Así las cosas, hemos de valorar ahora los elementos probatorios traídos al proceso para determinar si a D.ª Antonia se le prestó una asistencia sanitaria acorde con la 'lex artis', es decir, si la paciente fue atendida debidamente según el estado de los conocimientos científicos o técnicos en el nivel más avanzado y empleando los medios diagnósticos y terapéuticos disponibles.
A tal efecto conviene tener en cuenta que conforme a lo dispuesto en el artículo 217 de la LEC corresponde al demandante 'la carga de probar la certeza de los hechos de los que ordinariamente se desprenda, según las normas jurídicas a ellos aplicables, el efecto jurídico correspondiente a las pretensiones de la demanda', y corresponde al demandado ' a carga de probar los hechos que, conforme a las normas que les sean aplicables, impidan, extingan o enerven la eficacia jurídica de los hechos a que se refiere el apartado anterior'. Las precitadas reglas generales se matizan en el apartado 7 del precepto citado, en el sentido de que se 'deberá tener presente la disponibilidad y facilidad probatoria que corresponde a cada una de las partes del litigio'.
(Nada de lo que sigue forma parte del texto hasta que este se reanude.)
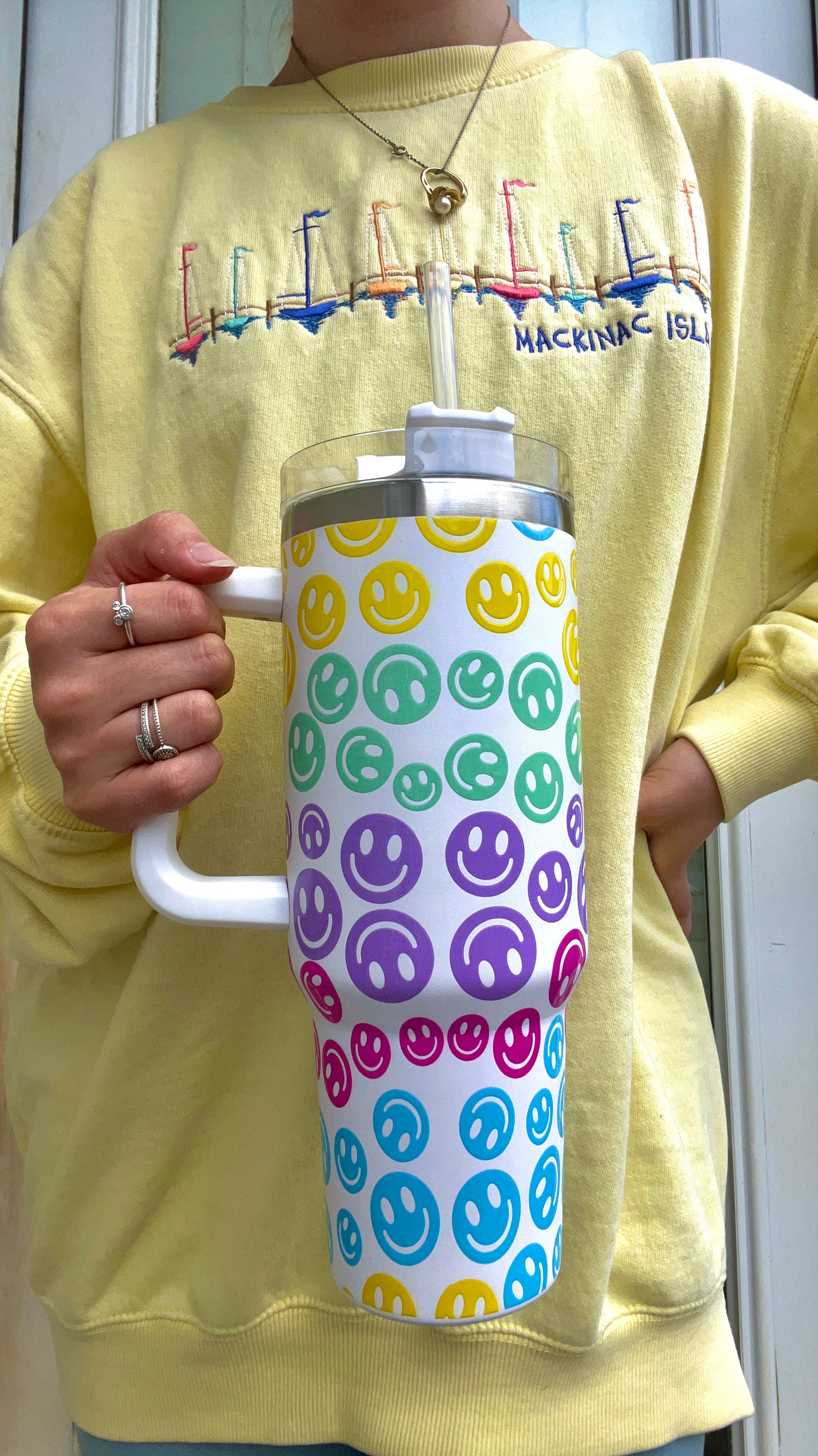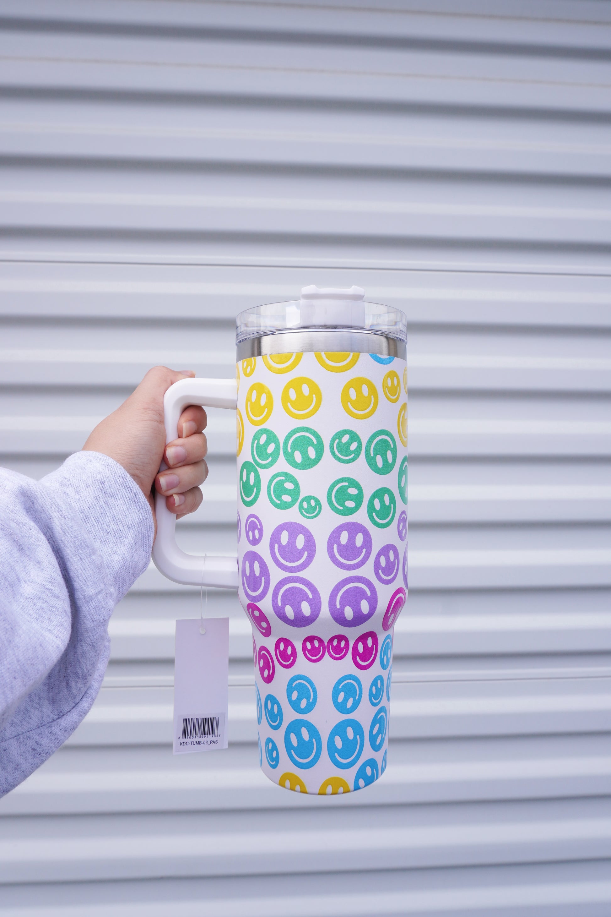 This Smiley Tumbler is a great new addition to your day. It’s 40oz and should fit in all cup holders, making it easy to take with you on the go. It comes with a reusable straw and it’s dishwasher safe so cleanup is a breeze! It has a sturdy handle that helps support the weight of your drink while holding the sliding cover on top securely closed. It’s made of metal to keep your summer drinks cold!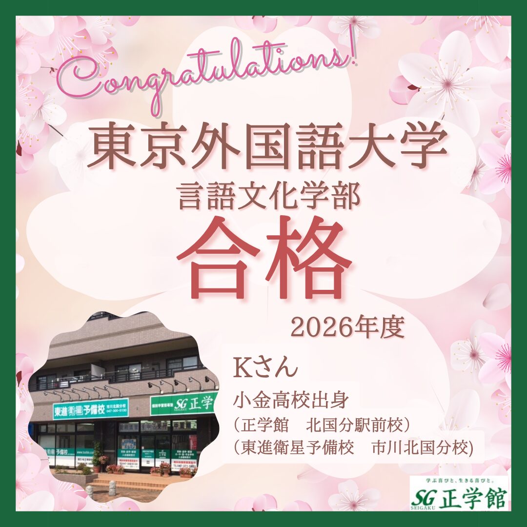 【合格者インタビュー】東京外国語大学 言語文化学部| 市川北国分校

En cualquier caso, el artículo 217 de la LEC contiene las reglas generales o principios de carga de la prueba y, como norma reguladora de la sentencia, entra en juego cuando en la misma se estime que no se ha probado un hecho básico, para atribuir las consecuencias de la falta de prueba a la parte a la que le correspondía el 'onus probandi', según las reglas aplicables para su imputación a una u otra parte, pero no cuando se considera que un presupuesto fáctico esencial para la resolución de la litis ha quedado debidamente acreditado mediante cualquier elemento probatorio, sin que, en virtud del principio de adquisición procesal, importe qué parte aportó la prueba.
Aunque nuestras leyes procesales no formulan el citado principio de adquisición procesal, también llamado de comunidad de prueba, el mismo tiene pleno reconocimiento en doctrina jurisprudencial pacífica expresada, entre otras, en las sentencias de la Sala Tercera del Tribunal Supremo de 31 de enero y 14 de febrero de 2012, al declarar que: 'Probado un hecho resulta indiferente la parte que haya aportado la prueba en virtud del principio de adquisición procesal '. Y lo mismo habían declarado antes las sentencias de la misma Sala del Tribunal Supremo de 17 de noviembre de 2008 y de 1 de marzo de 2010.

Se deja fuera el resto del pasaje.